At this stage, I’m also splitting data into training and testing set for model evaluation.
# create dummy variables
make_dummy = pd.get_dummies(X["make"], drop_first = True)
X = X.drop("make", axis = 1)
X = pd.concat([X, make_dummy], axis = 1)# split data into train and test
X_train, X_test, y_train, y_test = train_test_split(X, y, test_size = 0.3, random_state = 0)
4. Model building
It’s always amazing to think that within the whole complex machine learning pipeline the easiest part is (in my opinion of course!) actually specifying the model. It’s just three easy steps of instantiate — fit — predict as in most ML algorithms. Of course, you have to parameterize the model and iterate it several times until you get the one that satisfies your criteria, but still, this step of the model building process gives me the least headache.

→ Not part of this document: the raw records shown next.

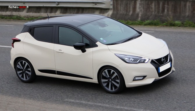 (Source Nissan Octobre 2017) A partie de 13 590 euros : ESP / ABS / EBD / NBAS / Freinage d'urgence intelligent (AEB) / 6 airbags (frontaux, latéraux avant et rideaux), airbag passager déconnectable / Système de contrôle de pression des pneus (TPMS) / Aide au démarrage en côte / Allumage intelligent des phares / Feux diurnes LED / Fixations ISOFIX à l'avant et à l'arrière / Avertisseur de ceintures de sécurité / Feux de détresse à déclenchement automatique / Jantes acier 15" avec enjoliveurs / Poignées de portes arrière intégrées dans le montant à l'arrière / Poignées de portes extérieures noires à l'avant / Rétroviseurs extérieurs noirs avec indicateurs de changement de direction / Spoiler arrière / Feux de route halogène avec signature lumineuse / Sellerie tissu noir / Accoudoir des contre-portes avant en tissu / Partie supérieure du tableau de bord moussée / Rétroviseurs extérieurs réglables électriquement et rabattables manuellement / Ouverture et fermeture centralisées des portes à distance / Vitres électriques à l'avant / Indicateur de changement de rapport / Volant réglable en hauteur et en profondeur / Siège conducteur réglable en hauteur / Banquette arrière 60/40 rabattable / Repose-genoux rembourrés avec surpiqûres / Prise 12V (x1) / Bacs de rangement dans les contre-portes avant et arrière / Porte-bouteilles dans les contre-portes avant / Porte-gobelets (2 à l'avant et 1 à l'arrière) / Éclairage intérieur et illumination des commandes de vitres électriques / Pare-soleil côté conducteur et passager avec miroir de courtoisie / Appuis-tête avant ajustables / 2 appuis-tête arrière / Éclairage de coffre / Ordinateur de bord avec capteur de température extérieure / Limiteur de vitesse / Intelligent Trace Control / Intelligent Ride Control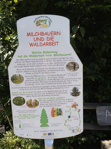 Read moreAn sich ein schöner gemütlicher Spazierweg auch mit Kinderwagen ohne größere Probleme zu machen. Es gibt 10 Stationen in denen die Milchwirtschaft in der Region erklärt wird. Zum Teil auch mit Mitmach-Stationen (Glocken-Orgel, Balancierbalken, Seilrutsche, Memory uvm.). Am Start / Ende des Weges, den man im oder auch gegen den Uhrzeigersinn gehen kann, ist ein schöner Hof mit Schaukäserei, Brotzeit -/ Kuchenverkauf und großem Spielplatz. Es gibt viele Sitzmöglichkeiten drinnen wie draußen. Einziger Nachteil ist, dass der Weg auch in verschiedenen Navis als Anfahrtsstraße zum Parkplatz angegeben ist, was an Sonn- und Feiertagen mit großem Andrang auch zu viel Verkehr führt. Dazu kommen dann noch teils rücksichtslos fahrende Radler, die dann meckern, das die Kinder nicht am Rand gehen. Aber man wird, trotz dieser kleinen Einschränkungen, dafür mit schöner...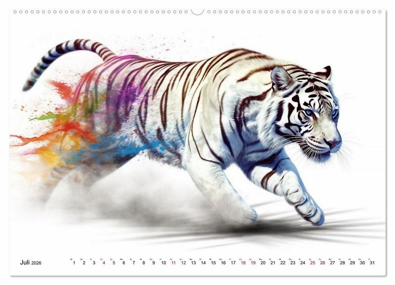 Wer liebt sie nicht, die kraftvollen Raubkatzen mit ihren aufregenden Fellzeichnungen und eleganten Sprüngen. Ebenso aber auch die Bären, Wölfe und anderen Raubtiere, die kraftvoll, klug und unbeirrt ihre Beute verfolgen. Wir lieben sie - und nun können Sie sie zwölf Monate lang bestaunen in ihrer Kraft. Dieser Kalender wurde erstellt mit Kreativität, Fantasie, künstlicher Intelligenz und Photoshop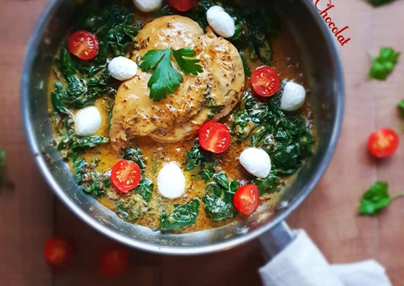 Instructions to make to make Poulet a la moutarde et aux épinards

model = LinearRegression()
y_pred = model.predict(X_test)
5. Model evaluation
Now comes the moment of truth — how well does the model perform? There are many ways to evaluate model performance but in classical statistics, the performance of linear regression models is evaluated with R² — which gives a value between 0 and 1, and the higher the R² the better the model.
# model evaluation
score = r2_score(y_test, y_pred)
In our demonstration we are getting a R² value of 0.81, meaning 81% of the variation in the dependent variable (i.e. used car price) can be explained by the three independent variables (i.e. make, horsepower and highway-mpg). Of course, this metric can be improved by including more variables and trying with different combinations of them and by tuning model parameters — the topic of a separate discussion.
I felt like I could write forever on multiple regression, there are so many areas to cover but I have to stop somewhere. Here are few additional things to keep in mind while building a linear regression model for real-world application development:
- while selecting features check for correlation between dependent and each independent variable separately. If they are not correlated, remove the feature from the model;
- check for multicollinearity, the relationship between independent variables. Remove correlated features to avoid model overfitting;
- there are a few ways to choose variables for the model. Forward selection and backward elimination are two of them. As the names suggest, in this process you add or remove one variable at a time and check mode performance;
- I used R² for model performance evaluation, but some people choose other metrics such as AIC, BIC, p-value etc.